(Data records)
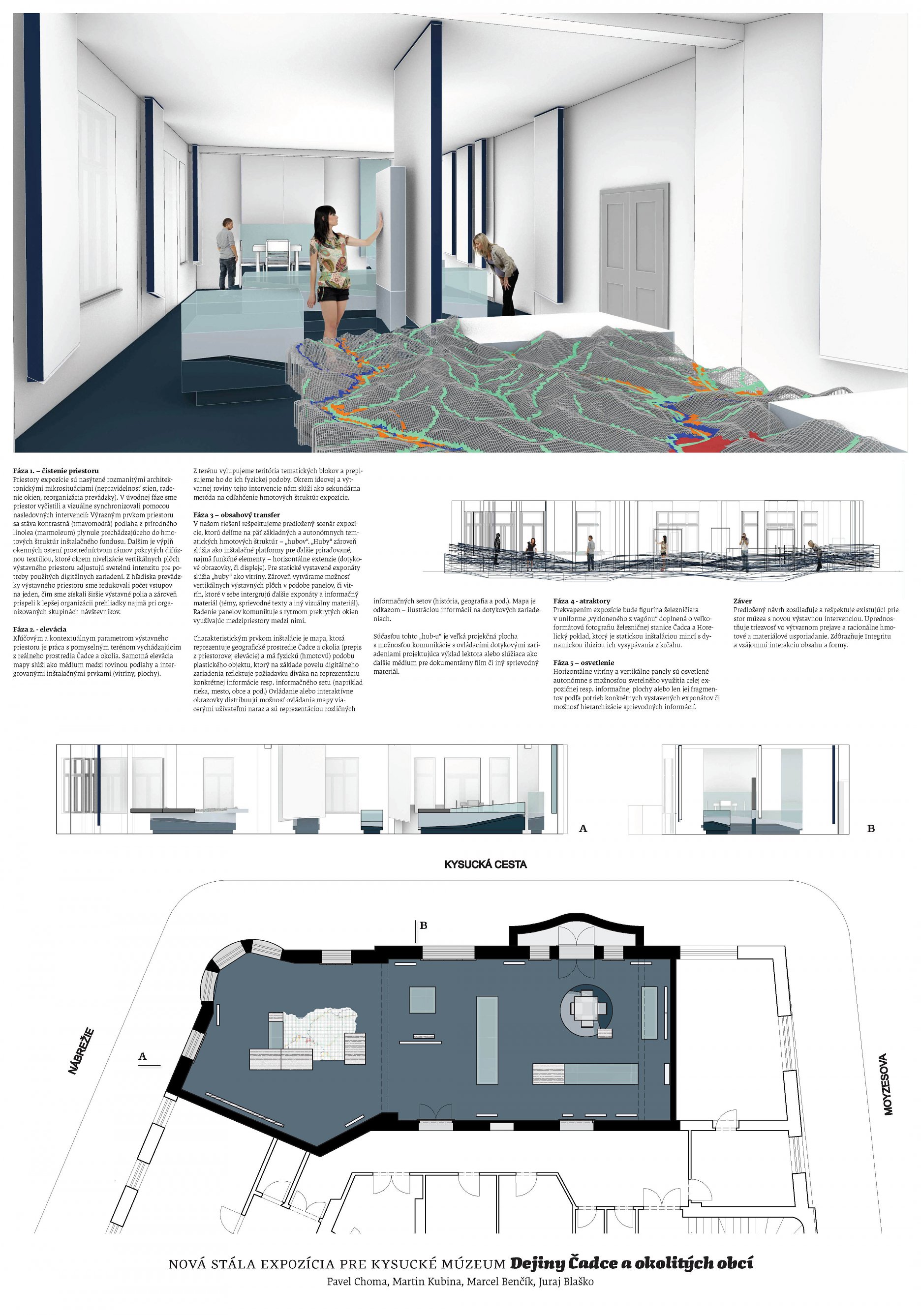 Vizuálne pomerne abstraktný, no výstavnícky veľmi dobre zvládnutý súťažný návrh kolektívu autorov z tvorivej dielne ateliéru Choma vsadil na inovatívnu reliéfnu geografickú mapu regiónu Kysúc kombinovanú s modernými vizuálnymi prostriedkami, čo je nepochybne zaujímavým prvkom celej koncepcie expozície. Porota oceňuje kreatívny prístup pri riešení požadovaných interaktívnych prvkov aj pri dynamickej inštalácii horelického pokladu. Prívetivo pôsobiacim prvkom je aj kreatívne a s humorom stvárnené postavy čadčianskeho železničiarskeho priemyslu, čo predstavuje povšimnutiahodný atraktor expozície. Za problematické porota považuje diskutabilnú zdvojenú eleváciu vitrín a výrazný kontrast zvolenej tmavomodrej podlahy a svetelnosti prezentovaných vystavených objektov. Otáznym ostáva aj redukcia počtu vstupov/výstupov z expozície do predpolia z hľadiska návštevníckej prevádzky. Spomínaná najsilnejšia stránka súťažného návrhu v podobe interaktívnej mapy však svojou komplikovanosťou a ťažkou predstaviteľnosťou fungovania jej jednotlivých častí môže na druhú stranu predstavovať obťažne uchopiteľný a realizovateľný koncept. Napriek uvedeným výhradám sa jedná o kvalitne prepracovaný a premyslený návrh s jasnými a zapamätateľnými atribútmi.
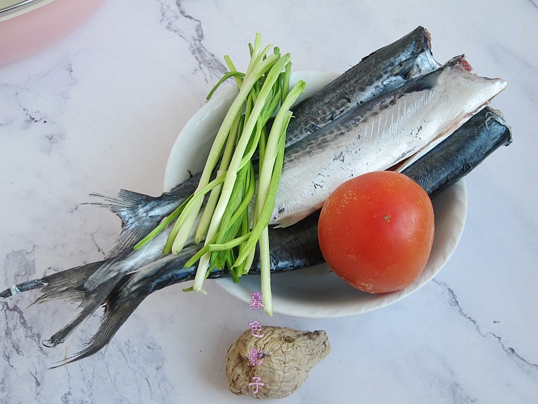 制作;1备齐做菜的主要食材,还有剪掉的内脏和鱼头部分。
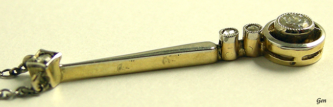 ほんの僅か曲線になっている菱形の部分から、ダイヤが着いている部分までのシャープなラインが実に美しい!♪ チェーンの駒より細い線から段々と太くしてありますが、最も細い部分でも板状(ナイフエッジ)になっているので、100年以上もの使用に耐える耐久力があるのです!! このような作りは現代の物だったら10年も経たない内に壊れているでしょう。 アンティークジュエリーはワックスを使った鋳造ではなく、金属を鍛えて作るハンドメイドだから、繊細でシャープな作りでも100年以上もの耐久力があるのです!! |
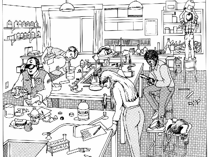 Lab Safety Rules – THINK!! • • • If acid or any chemical is splashed in your eyes, FLUSH them with lots of water for at least 10 minutes (at the eyewash station if available). When heating a test tube containing a liquid, heat GENTLY and point the tube away from anyone. Slant it towards the wall. Keep your SAFETY GOGGLES on, when told to do so by the teacher. Clamps holding material to the edge of the desk must be pointed down. Quickly rotating materials should be thoroughly checked prior to the beginning of the experiment. A small piece of material moving quickly has a tremendous potential to damage. Be familiar with the LOCATION and USE of safety equipment in the classroom or lab (e. g. fire blanket, fire extinguisher, safety goggles, first aid kits, etc. )
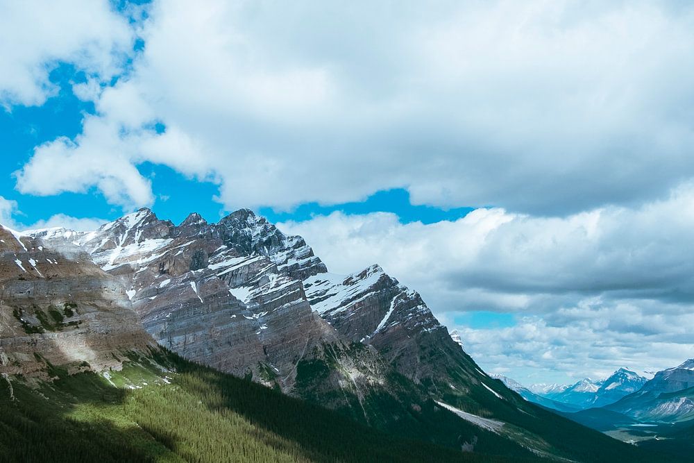 This is Peyto Lake, located in the Canadian Rockies. This lake is known for its unique shape, can you spot the fox? This photo was taken in summer, but you can still see the snow on the mountain tops! This is also because there are many glaciers nearby. The water in the lake comes from these glaciers making it a unique shade of blue.
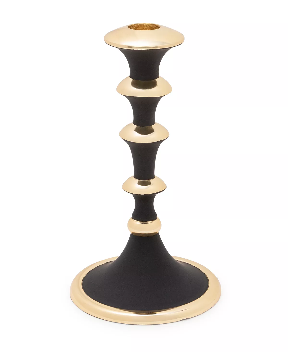A fusion of traditional design and contemporary sleekness define these beautiful black and gold-tone candlesticks. They are graceful and tall, while maintaining a modest decor. Useful for candle lighting on stately occasions, or just to add a mood of romance to your dinner table.
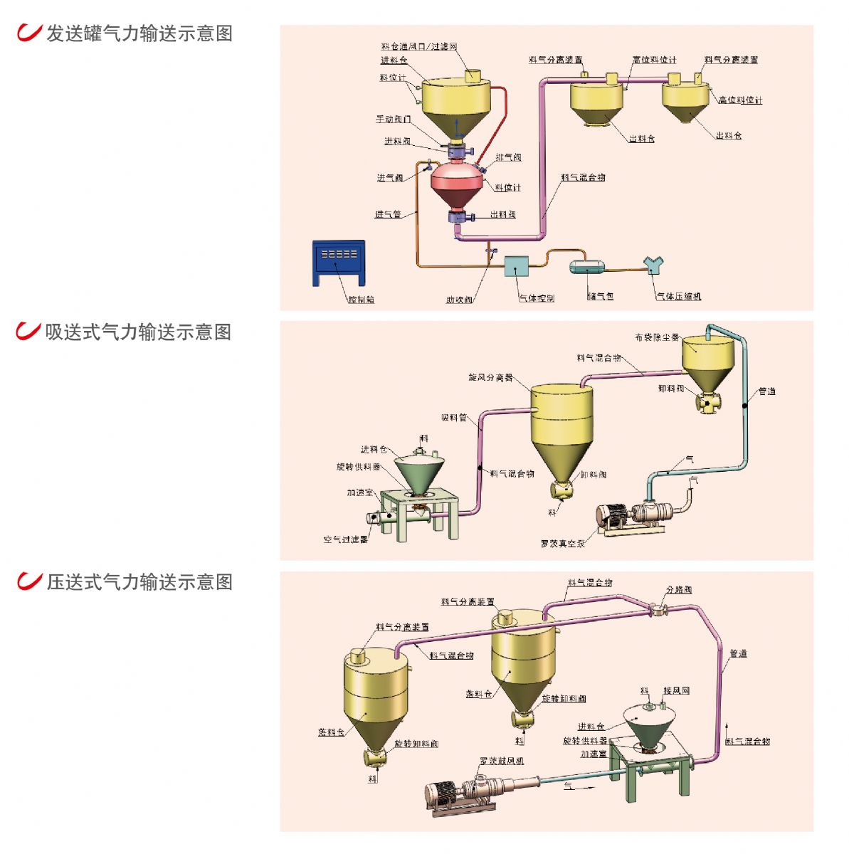 正壓和負壓也可進行組合應用以滿足特殊要求,比較適用于多點供料單點出料的輸送方式,通常為輸送粉狀、小顆粒或比重較輕的物料。
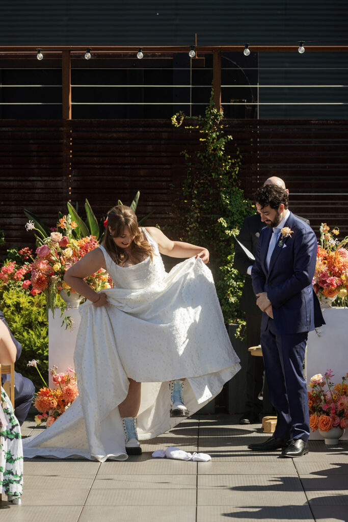 And then there were the boots. The bride wore epic Doc Martens, originally a practical choice due to a rock climbing injury, but they ended up becoming one of the coolest style statements of the night. Effortlessly confident, a little rebellious, and perfectly aligned with the vibe of the day.
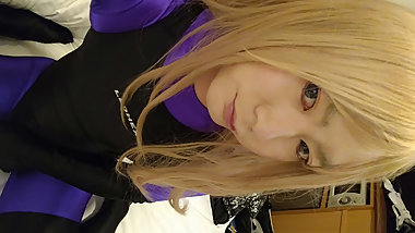 "A cross-dressing boy changed from a black swimsuit to purple full-body tights and masturbated comfortably!"
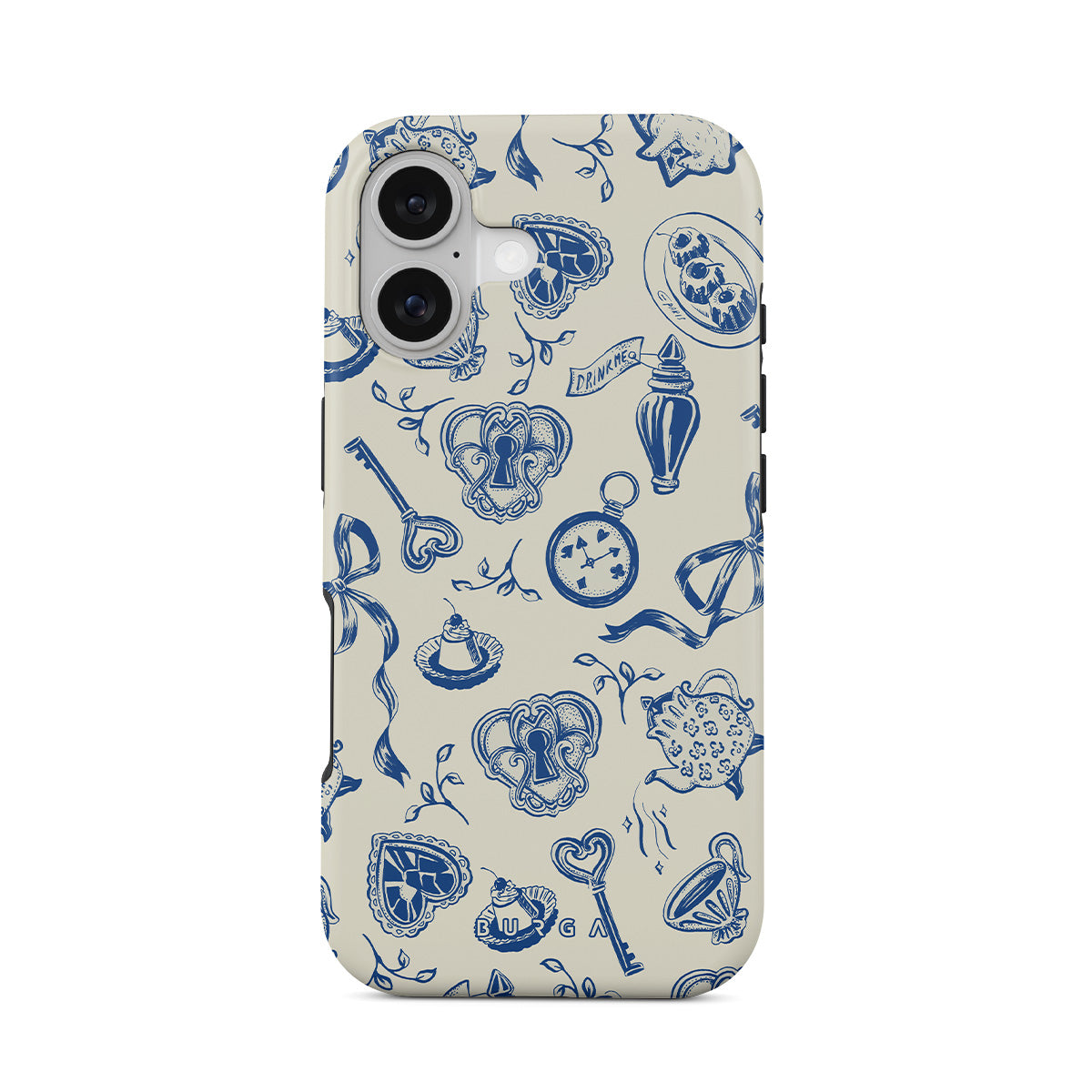 En este diseño: tazas de té, teteras, relojes de bolsillo, llave, corazones, cerámica, patrón azul y blanco.
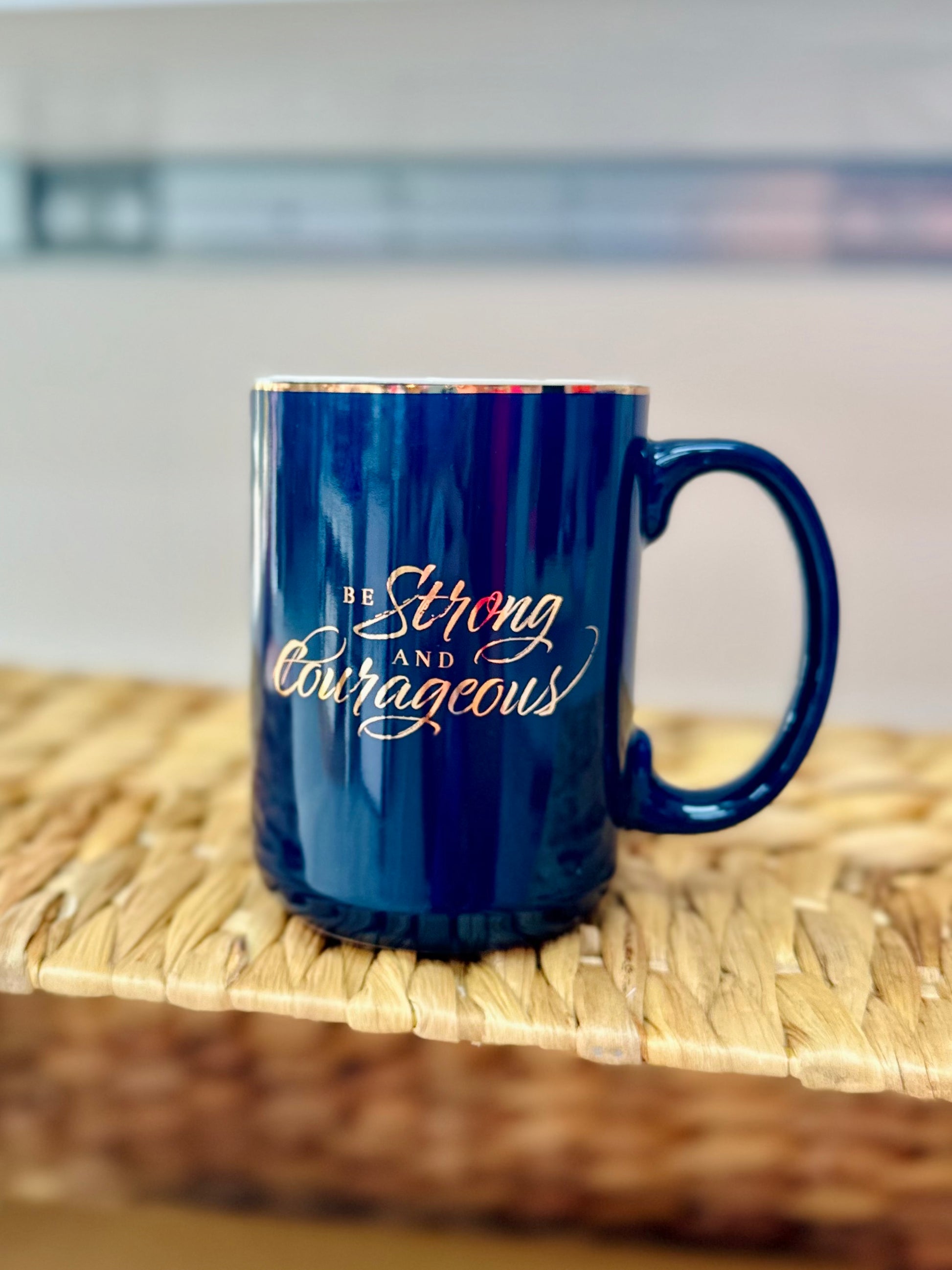 The Be Strong and Courageous Navy Ceramic Coffee Mug is a large mug on one of our best-selling sizes. This coffee mug also features one of the most popular verses.
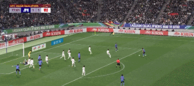 比赛中,日本队长吉田麻也门前3米踢丢空门,错失绝佳良机。
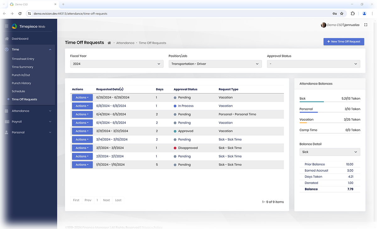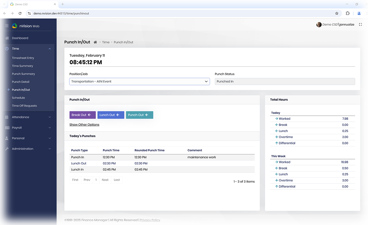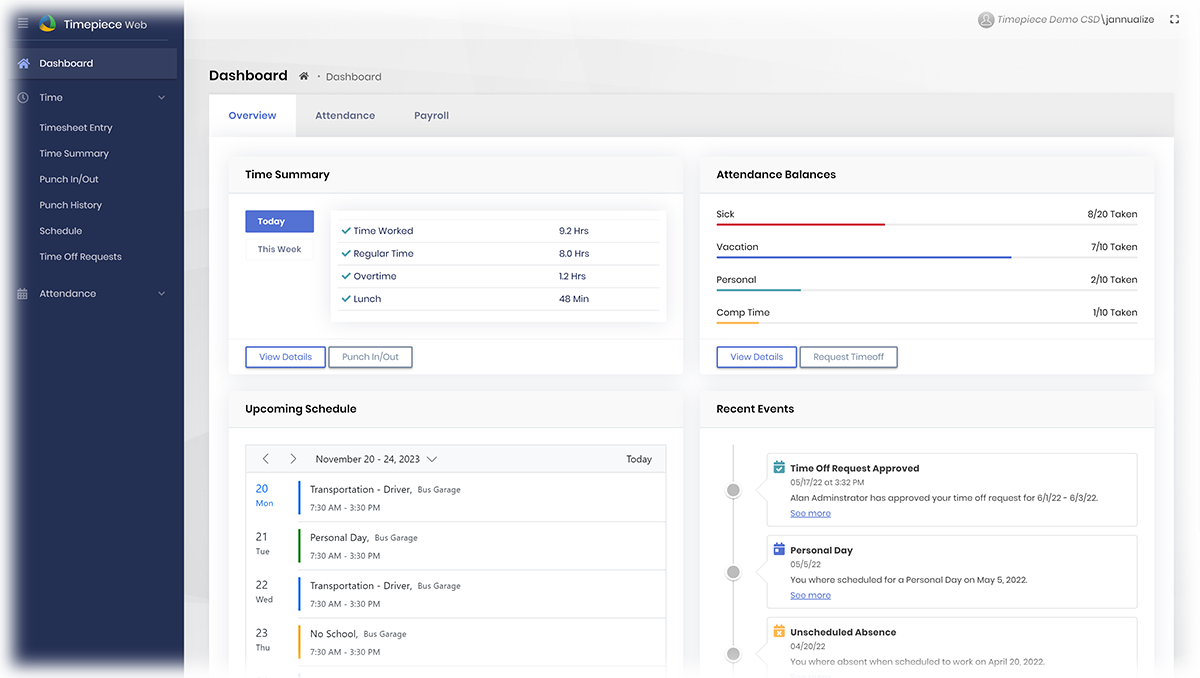 Timepiece Web has been designed to utilize the same database as the existing Timepiece software, ensuring a seamless integration between both products. The ideal complement that also fully integrates with nVision Web, Timepiece Web utilizes the same URL to access both applications. User-friendly with comprehensive access to data as well as superior security with multi-factor authentication.
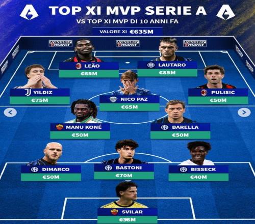 德轉(zhuǎn)意甲本賽季最貴11人陣容:
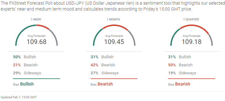 The one week view remains bullish at 50% unchanged with the bearish sentiment falling to 21% from 48% and neutral rising to 29% from 0%. The forecast reflects this week's recovery at 109.68 from 108.46.

▶ Instructions to follow
Excluding all pictures, output exactly the lines from the line containing "A fusion of" through the last line of the entries above.

▶ Response
A fusion of traditional design and contemporary sleekness define these beautiful black and gold-tone candlesticks. They are graceful and tall, while maintaining a modest decor. Useful for candle lighting on stately occasions, or just to add a mood of romance to your dinner table.
 正壓和負壓也可進行組合應用以滿足特殊要求,比較適用于多點供料單點出料的輸送方式,通常為輸送粉狀、小顆粒或比重較輕的物料。
 And then there were the boots. The bride wore epic Doc Martens, originally a practical choice due to a rock climbing injury, but they ended up becoming one of the coolest style statements of the night. Effortlessly confident, a little rebellious, and perfectly aligned with the vibe of the day.
 "A cross-dressing boy changed from a black swimsuit to purple full-body tights and masturbated comfortably!"
 En este diseño: tazas de té, teteras, relojes de bolsillo, llave, corazones, cerámica, patrón azul y blanco.
 The Be Strong and Courageous Navy Ceramic Coffee Mug is a large mug on one of our best-selling sizes. This coffee mug also features one of the most popular verses.
 比赛中,日本队长吉田麻也门前3米踢丢空门,错失绝佳良机。
 Timepiece Web has been designed to utilize the same database as the existing Timepiece software, ensuring a seamless integration between both products. The ideal complement that also fully integrates with nVision Web, Timepiece Web utilizes the same URL to access both applications. User-friendly with comprehensive access to data as well as superior security with multi-factor authentication.
 德轉(zhuǎn)意甲本賽季最貴11人陣容:
 The one week view remains bullish at 50% unchanged with the bearish sentiment falling to 21% from 48% and neutral rising to 29% from 0%. The forecast reflects this week's recovery at 109.68 from 108.46.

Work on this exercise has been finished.